Blog

Harewood House new website goes live

Our new website goes live today. What a relief it has been – three months in the planning and eight months in the building! During this time we’ve been writing, sourcing images and working with colleagues on how it should look, feel and work.

We’ve worked hard to make more of the information about Harewood easier to find. Information is, mostly, now only three clicks from the home page. There are loads more images available for people to look at and get a feel of what Harewood is like before they visit.

We’re also integrating social networking sites directly into the website, with both Flickr and our Blog built directly into the website. This provides a direct feedback route for our customers to tell us what they think and also to put their photos up so the world can see them.

I could blather on about all the technical stuff about search engine optimisation and clever things that our agency, BrandNew, have done with the site, but I won’t. I’ll finish with telling you about My Harewood.

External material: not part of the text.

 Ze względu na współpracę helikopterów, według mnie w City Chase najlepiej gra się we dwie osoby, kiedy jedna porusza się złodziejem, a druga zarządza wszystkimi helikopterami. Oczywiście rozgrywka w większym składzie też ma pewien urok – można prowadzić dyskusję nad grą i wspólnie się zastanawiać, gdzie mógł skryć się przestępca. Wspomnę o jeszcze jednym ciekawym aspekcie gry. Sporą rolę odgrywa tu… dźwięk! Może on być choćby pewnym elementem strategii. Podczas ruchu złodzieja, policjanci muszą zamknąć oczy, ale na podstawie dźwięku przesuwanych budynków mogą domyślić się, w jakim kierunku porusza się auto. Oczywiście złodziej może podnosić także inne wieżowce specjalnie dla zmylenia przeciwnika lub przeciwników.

My Harewood is our new section whereby Harewood Cardholders and other visitors can tell us what they would like receive in their email newsletters. By choosing your interests in the preferences section, visitors can filter the events, exhibitions and news they see on their My Harewood home page. This automatically updates as new events, news or exhibitions are added.

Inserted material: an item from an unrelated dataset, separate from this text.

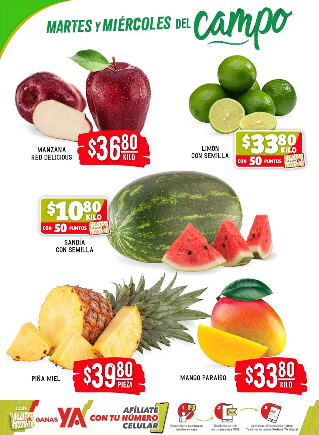- Sandía con semilla a $10.80 el kilo con 50 Puntos Soriana Ya.

We’ve also put some ‘not quite accurate’ information into the Did you know section and will be announcing a competition about this shortly. Come back for more later!

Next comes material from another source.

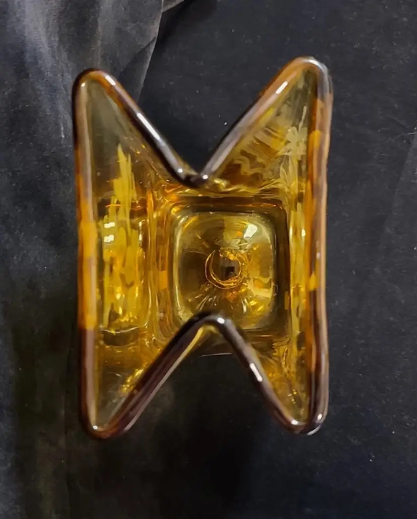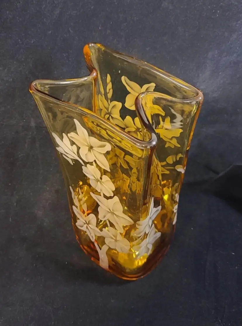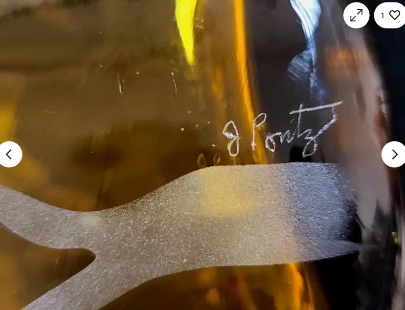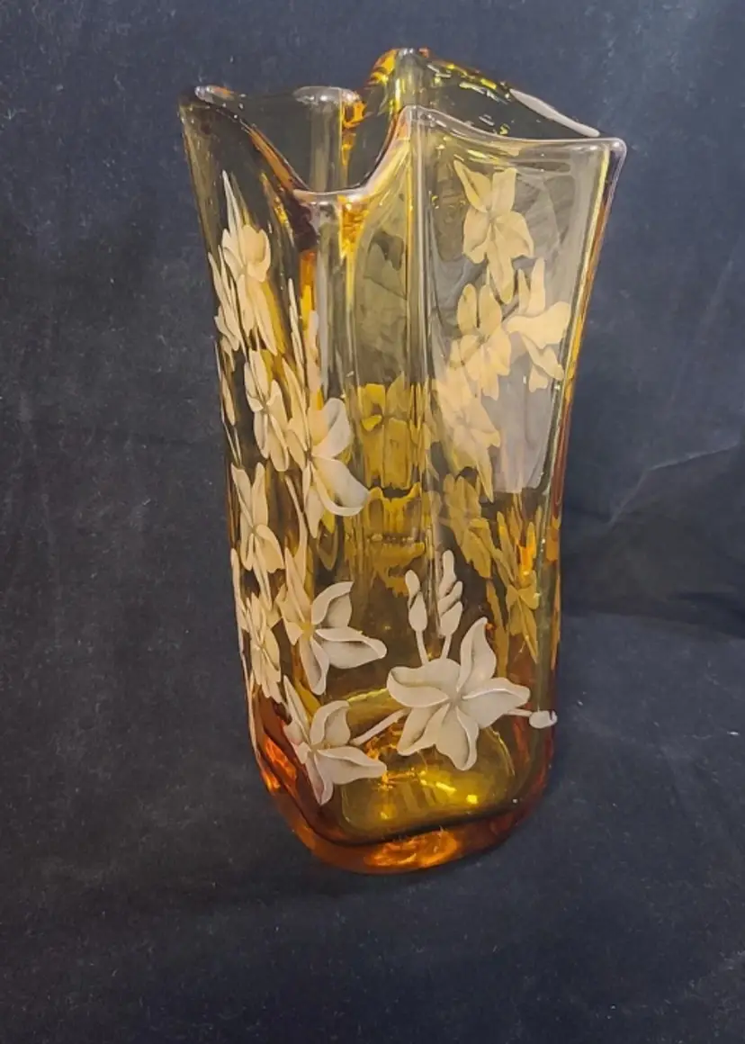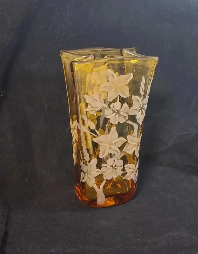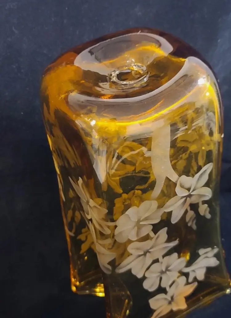 This beautiful vase is a must-have for any glassware collector. The amber color and hand-etched plumeria design make it a stunning decorative piece for any home. The vase is signed by J. Pontz, an artist from Hawaii, adding to its value.

Artist in residence on the 36 Bus

Simon Warner is our artist in residence on the Number 36 Bus between Leeds and Harewood during our exhibition ‘Town and Country’ until 20th September. The residency is in partnership with bus operator Transdev Blazefield and Project Space Leeds (PSL), a contemporary art space in Leeds’ city centre. Follow the progress of Simon’s residency and add your own stories and contributions. Simon’s developing work in text, photography and film can also be viewed in the ‘Waiting Room’ at PSL throughout the partner exhibition there. Look out for announcements on the Blog too about other guided walks Simon will be conducting using scheduled bus services.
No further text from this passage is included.